Clayton Page Aldern

Writer and researcher on the environment, cognition, and public policy

I’m interested in the relationships between selves and the environments in which they’re enmeshed. Sometimes that looks like investigative journalism in environmental justice. Previously, it has meant work in housing and homelessness policy and computational neuroscience. These days, it looks more like research in active inference and political economy.

I am the author of The Weight of Nature (Dutton / Allen Lane, 2024), which traces how climate change alters brain health, cognition, and behavior. With Gregg Colburn, I also wrote Homelessness Is a Housing Problem (UC Press, 2022), which illustrates how housing-market conditions (as opposed to individual failings) explain regional variation in rates of homelessness. My essays and journalism have been published by The Guardian, The Atlantic, The Economist, Aeon, Scientific American, Logic, Sierra Magazine, Geographical, Crosscut, and many others.

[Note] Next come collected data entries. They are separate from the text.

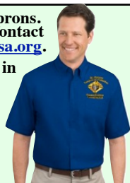
Polo shirt no pockets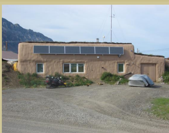
The prototype house in Anaktuvuk Pass built by CCHRC cut heating fuel consumption by 75 to 80 percent.

Fifty-five homes in Quinhagak were found to have mold and mildew severe enough to be declared “disaster” sites and were recommended for reconstruction. In the shorter term, the houses were renovated to make them livable while homeowners wait for new housing, if they choose to build a new home.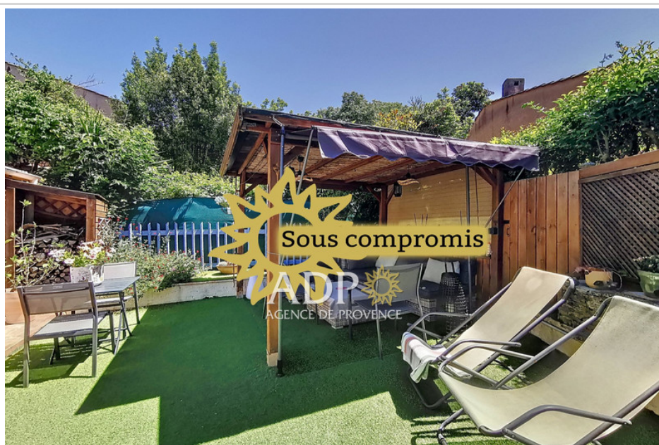
House 2773 Mouans-Sartoux

4,44% VAT of fees paid by the buyer (450 000 € without fees), well condominium (145 lots in the condominium), annual current expenses 240 € (20 € monthly), no current procedure, information on the risks to which this property is exposed is available on georisques.gouv.fr .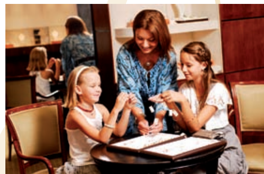
Good taste is acquired early.

Otrada Luxury Group realizes the important role customer service plays in building and maintaining brand loyalty and therefore works to keep employee turnover low by providing competitive compensation and benefits, superior training and a culture of caring for its employees.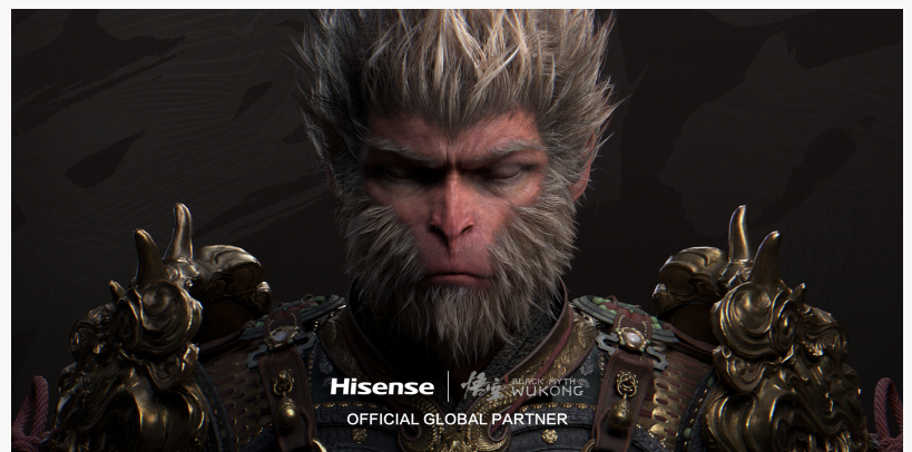
Hisense Partners With Black Myth: Wukong To Elevate The Gaming Experience

The Black Myth: Wukong picture mode is available on Hisense UX, U8N, U7N, and S7N series as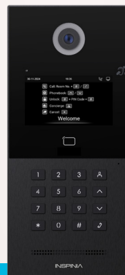
INS-K4A24 4.3" Keypad Outdoor Unit

Enhance communication in your home or building with INSPINIA 's advanced intercom solutions, seamlessly integrated with smart home and building automation systems.

I lead the data journalism program at Grist, a nonprofit magazine covering climate change and environmental justice. I also help coordinate the Neuro Climate Working Group, an international research consortium studying the neurological dimensions of climate change. I am a research affiliate of the University of Washington’s Center for Studies in Demography and Ecology and operate a small data science and public policy advisory.